気がつけば今年も残すところあと少しですね。

フリーランス(個人事業主)の方であれば、平成27年事業年度の年度末を迎えようとしています。

年度末近くの節税策でよく耳にするのが、

「30万円未満なら固定資産でも全額経費になるんだから、買っておけばいい」

というやつではないでしょうか。

確かに年度末で時間がないというとき、この節税策は手軽で有効です。

ただ、時間がないからこそ、気をつけておいていただきたいこともあります。

30万円未満の減価償却資産

まずは基本のところを確認しましょう。

【個人事業主の場合】

・青色申告者であること

・平成18年4月1日から平成28年3月31日までに取得し、事業供用したものであること

・30万円未満の減価償却資産であること

・合計額が300万円に達するまで

【法人の場合】

・青色申告法人である中小企業者等であること

・平成18年4月1日から平成28年3月31日までに取得し、事業供用したものであること

・30万円未満の減価償却資産であること

・合計額が300万円に達するまで

個人事業主も法人も、要件はほぼ似通ったものになっています。

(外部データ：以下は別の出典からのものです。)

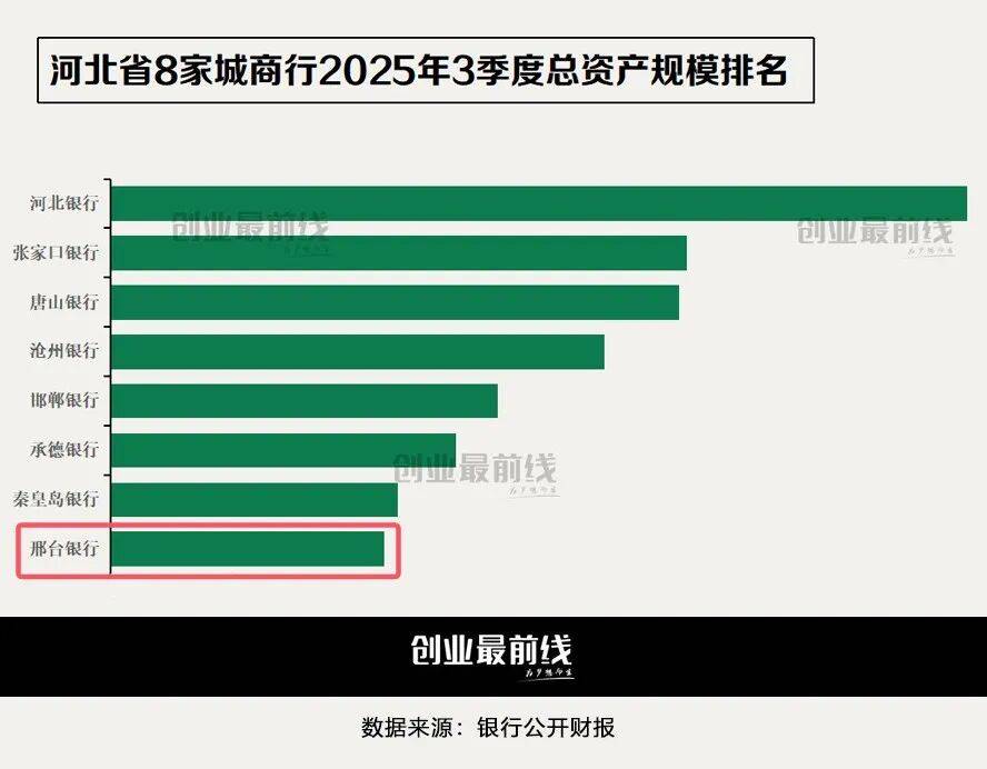 截至2025年三季度末,据不完全统计,河北省8家城商行披露了总资产规模。其中,前三名分别是河北银行5737.05亿元、张家口银行3861.36亿元、唐山银行3810.67亿元。然而,邢台银行仅达到1831.66亿元,排在第八名。

この中で年度末で時間がないときだからこそ、特に気をつけていただきたいところは、

・平成18年4月1日から平成28年3月31日までに取得し、事業供用したものであること

というところです。

納品ではなく供用で

「12月中(年度末まで)の納品でいけます!間に合います!」

だけでは要件を満たしません。

例えばエアコンなら、ものが入ってきただけではなく、設置して使用できることを確認し、実際に事業に使用している状況が必要です。

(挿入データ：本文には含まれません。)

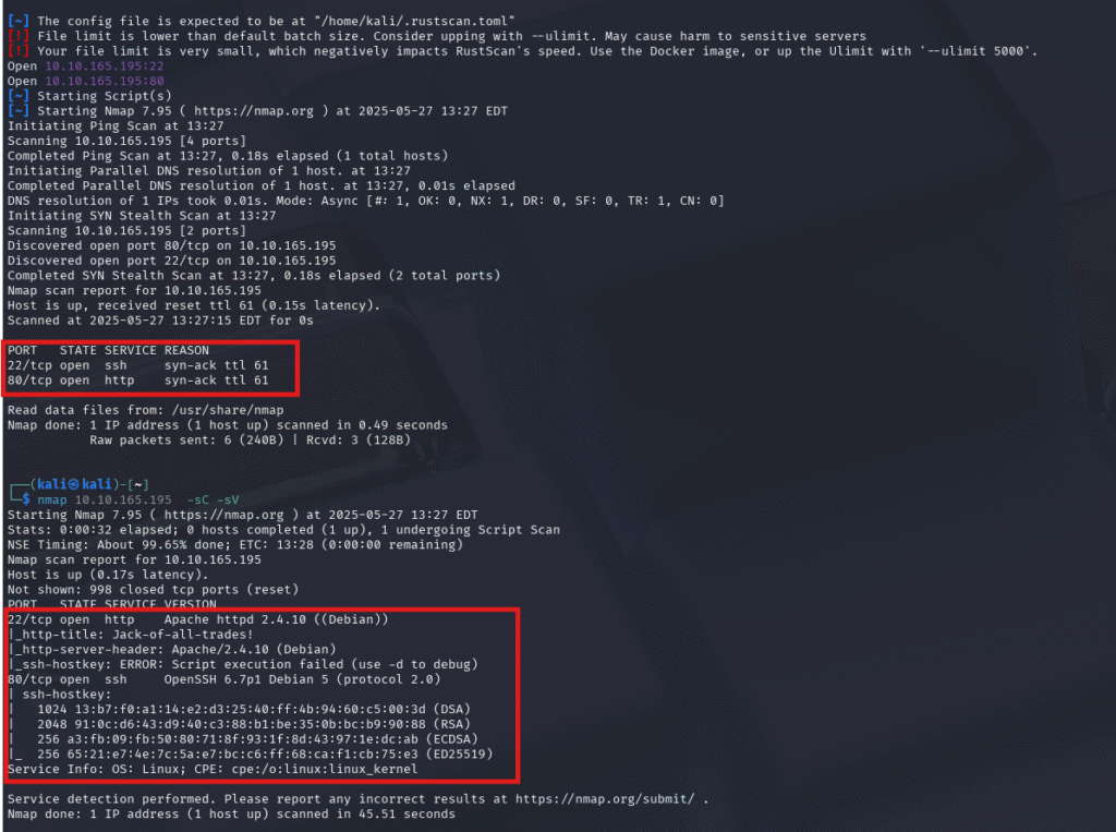 Rust scan shows port 22,80 bring open and labels port 80 as HTTP. Rustscan is just assuming that. Something tricky is going on. Nmap shows the ports are switched and port 22 is actually HTTP and 80 is SSH.

例示するならば、⑤の状況までいっていなければいけません。

①電器屋さんにエアコンを注文

②エアコンが電器屋さんに届く

③エアコンを納品してもらう

④エアコンを設置してもらい、動作確認をする

⑤エアコンを実際に使用する

まとめ

30万円未満の減価償却資産を全額経費にする節税策は、年度末などの時間がないときには、とても手軽で有効な方法です。

ただ、取得しただけでは要件を満たしません。実際に事業に使用している状況が必要です。この点は、年度末で時間がないからこそ、気をつけてみておいてください。

そう考えるとフリーランス(個人事業主)の方は、あまり時間がないかもしれませんね。もし考えられているようなら、お早めに!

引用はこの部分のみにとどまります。